Bakan Selçuk’un elinden plaket alan ‘hayırsever’
Sezgin Baran Korkmaz artık özgürdü…
“Cinayet çözümünde en kritik görev soruşturma sırasında sorulabilecek tüm soruları hiçbir ayrım yapmadan sormaktır. Cinayet polisinin ilk görevi olayla ilgili sorulabilecek tüm soruları akıl etmek ve sormaktır… Bunun içindir ki zihninde hiçbir önyargı olmayacak. Hatta… Soru ne kadar saçma gözükürse gözüksün, isterse etrafındakiler bıyık altından seninle alay etsinler, sen bütün soru kümesini sorgulayacaksın.
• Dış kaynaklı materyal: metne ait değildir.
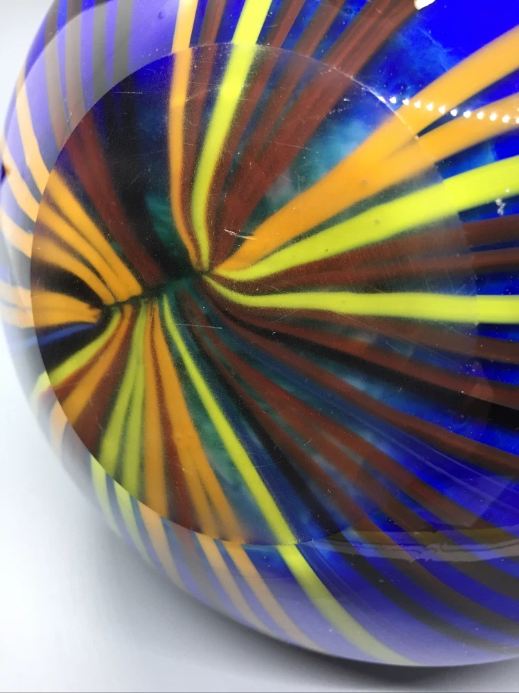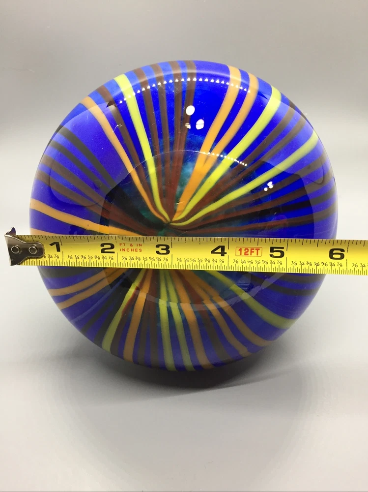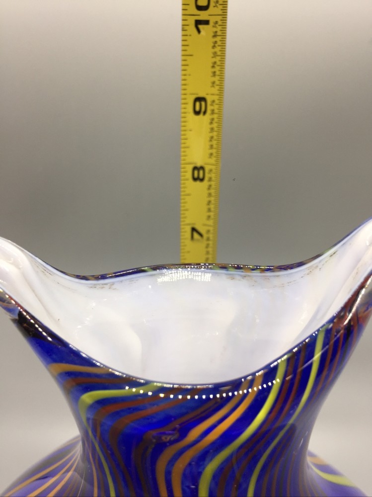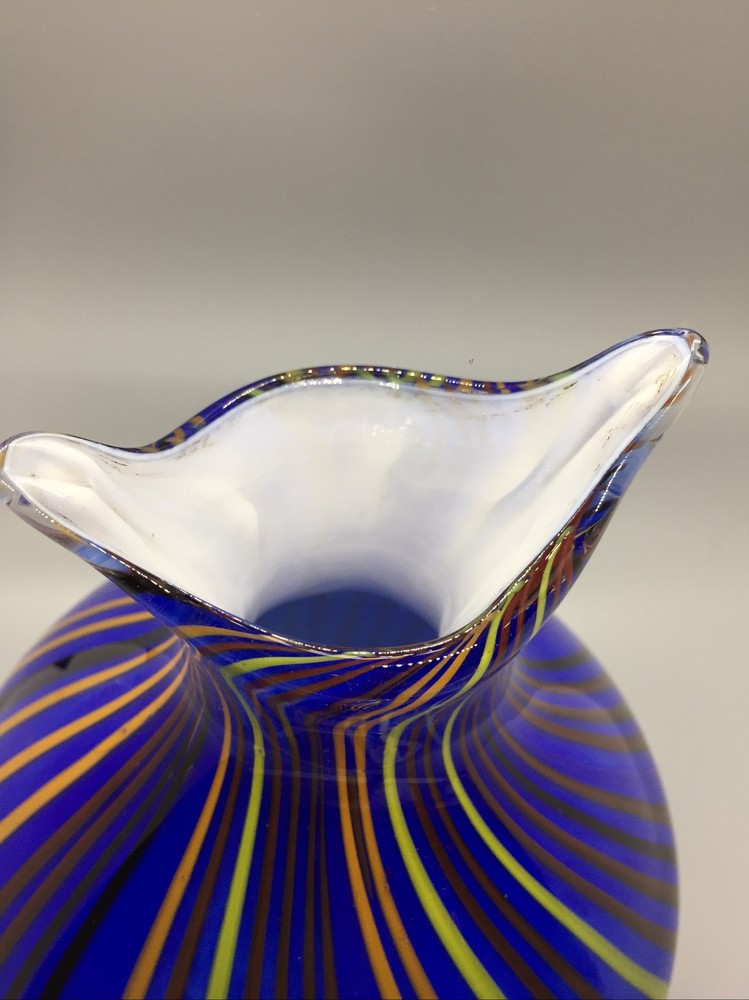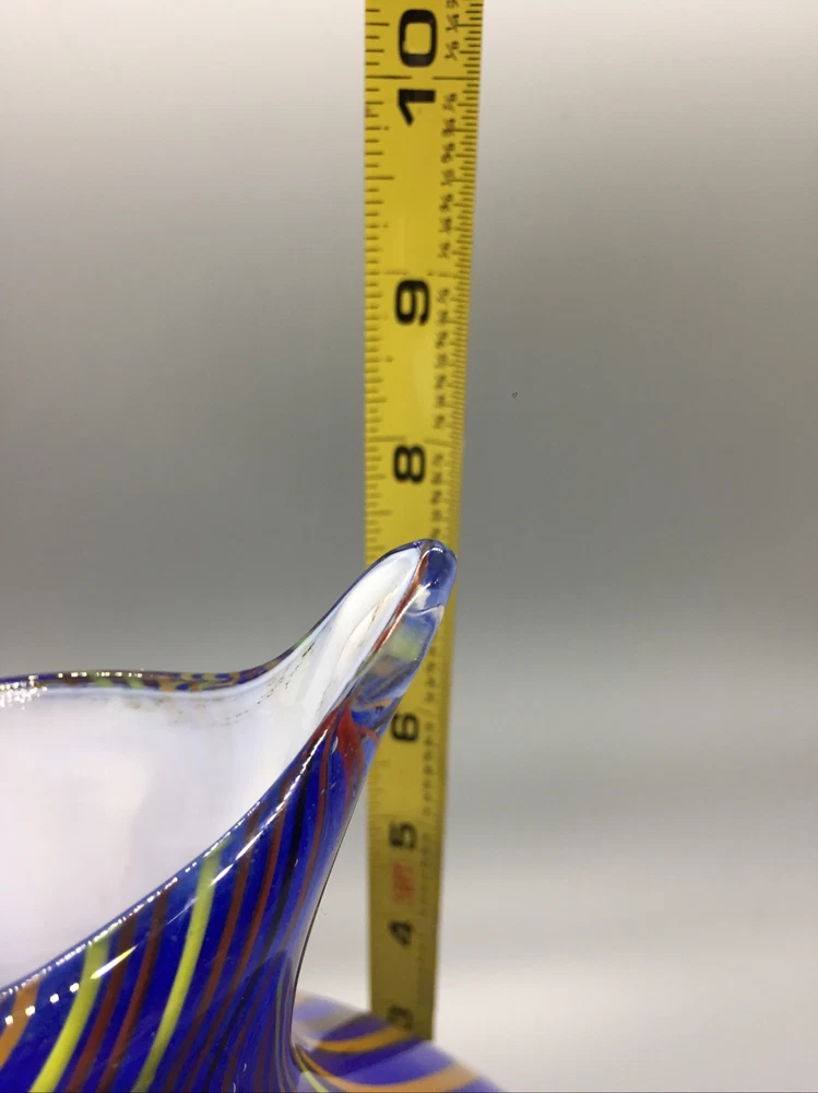 This stunning hand-blown glass owl vase is a true work of art! The deep blue and white swirl pattern with vertical lines gives it a mesmerizing, one-of-a-kind look. Despite its delicate appearance, it’s surprisingly sturdy and heavy, standing 8 inches tall with a lovely presence. The condition is excellent—barely any signs of wear. It’s perfect as a decor piece or a vase, adding elegance to any room. The craftsmanship is incredible—definitely a standout piece for collectors or anyone who appreciates unique glass art. Absolutely in love with it!

Bırak, etraftakiler sana aptal gözü ile baksınlar; sen yine de yılmadan şüphelinin gözünün içine baka baka aklına gelen bütün soruları soracaksın.” Son dönemde okuduğum en sürükleyici siyasi-polisiye romanlardan biri olan “Cinayet Polisi Dedemin Evrak-ı Metrukesi/Cüneyt Ülsever/Kırmızı Kedi Yayınevi” kitabında ‘cinayet polisi'nin yapması gereken böyle anlatılıyor!
Soru sor! Hem de tüm soruları… Ayrım gözetmeden sor ve ayrıntının peşine düş! Gazeteci de cinayet polisi gibi olmalı.